Obviously, they were supporting a guy they like and admire. But Letterman also made an implicit statement about the truth. He didn’t defend his right to have sex with his employees–he said he “hoped to keep my job,” and he repeatedly voiced concern about the women’s reputations. But in busting the blackmailer, now under arrest for attempted grand larceny, he forwarded the idea that sex is most embarrassing to oneself and damaging to others when you lie about it, try to hush it up.

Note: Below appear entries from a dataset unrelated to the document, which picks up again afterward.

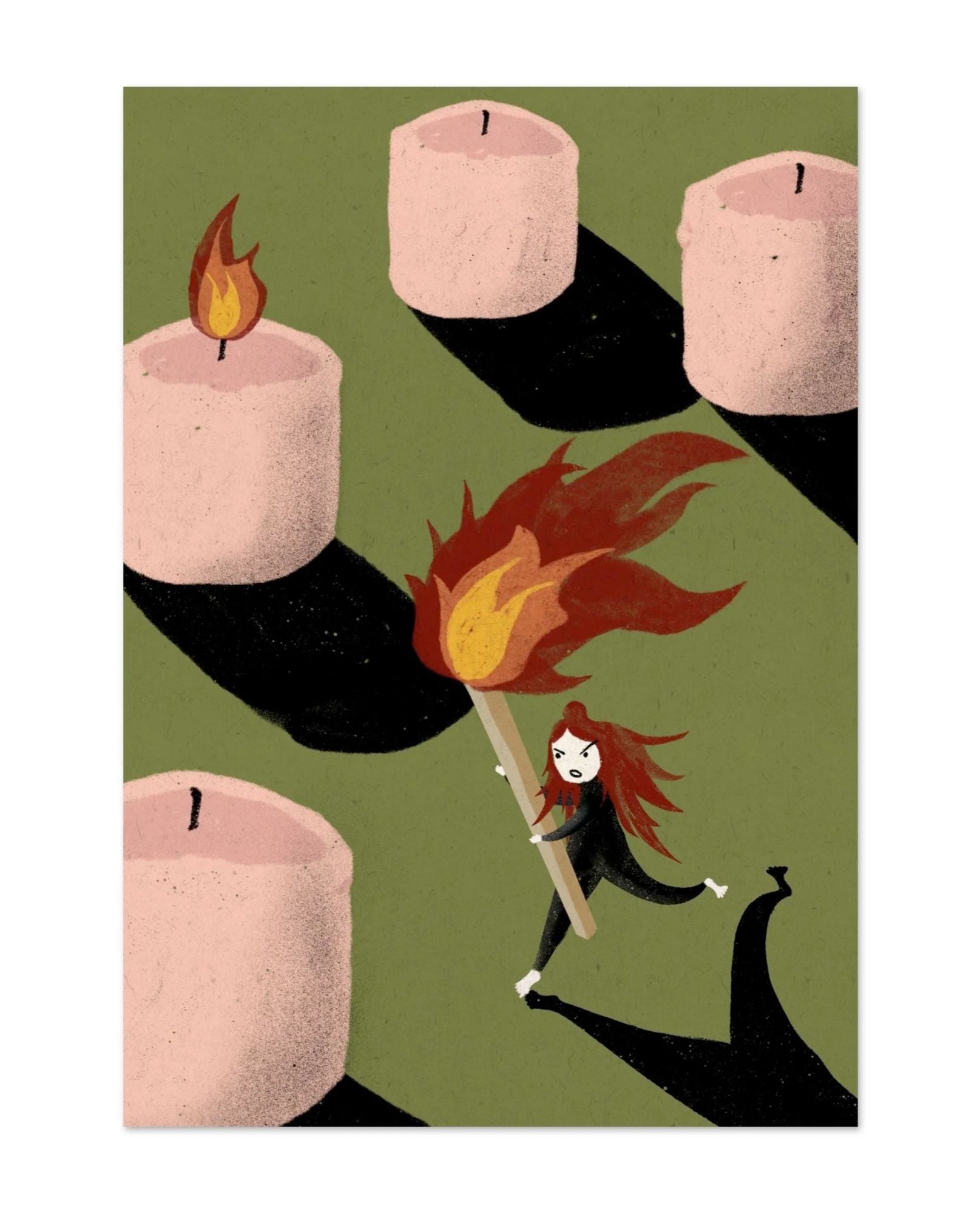 Alles anzünden – unsere kleine Flammenwerferin funktioniert wunderbar in groß als Poster, oder als kleiner Postkartengruß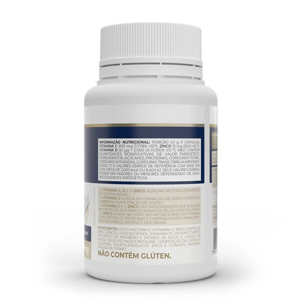 Ácido ascórbico (vitamina C), bisglicinato de zinco (zinco), colecalciferol (vitamina D), antiumectantes: estearato de magnésio e dióxido de silício e agente de massa celulose microcristalina. Composição da cápsula: gelatina, polietilenoglicol (PEG) e corante natural dióxido de titânio.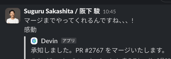 その日は、オフィスでたまたまCTOの西平とLLMチームの近くに座っていました。LLMに関する会話をしていたようで「Devinって…」というキーワードが聞こえました。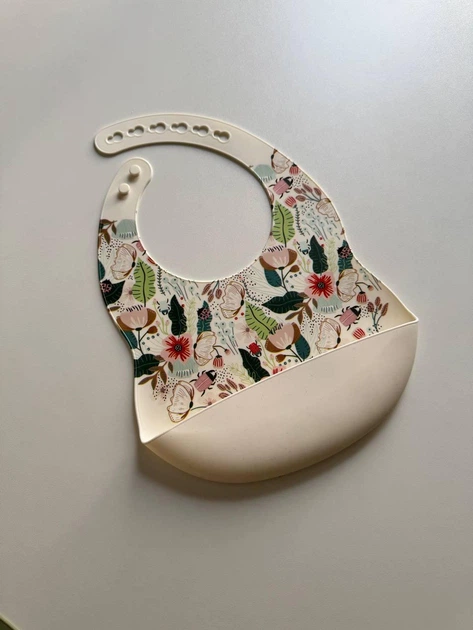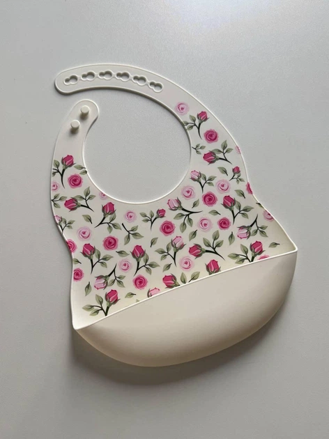 Силіконовий слюнявчик з принтом, дитячий силіконовий нагрудник Троянди Білі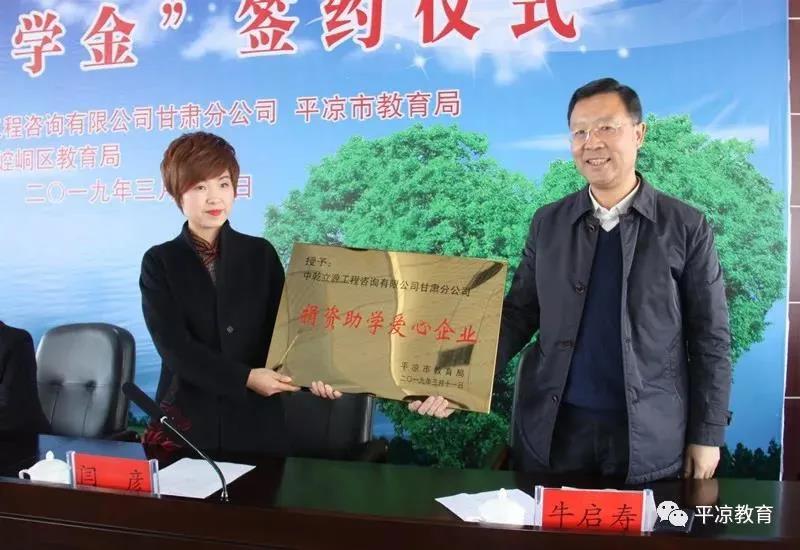 “乾源助學(xué)金”簽約儀式在平?jīng)鲆恢信e行;

It’s not Dave’s idea. Nathaniel Hawthorne floated it in 1850, when he published his novel “The Scarlet Letter.” The most conservative Christian politicians and ministers have learned the lesson and immediately submit to their own personal truth commissions as soon as scandal breaks. Yes, these men are usually gambling that an honest admission would save them face and, in the long run, power and money, reckoning that Americans will be more forgiving if you treat us like the grown-ups. And we are. The audience was in a sense clapping for itself.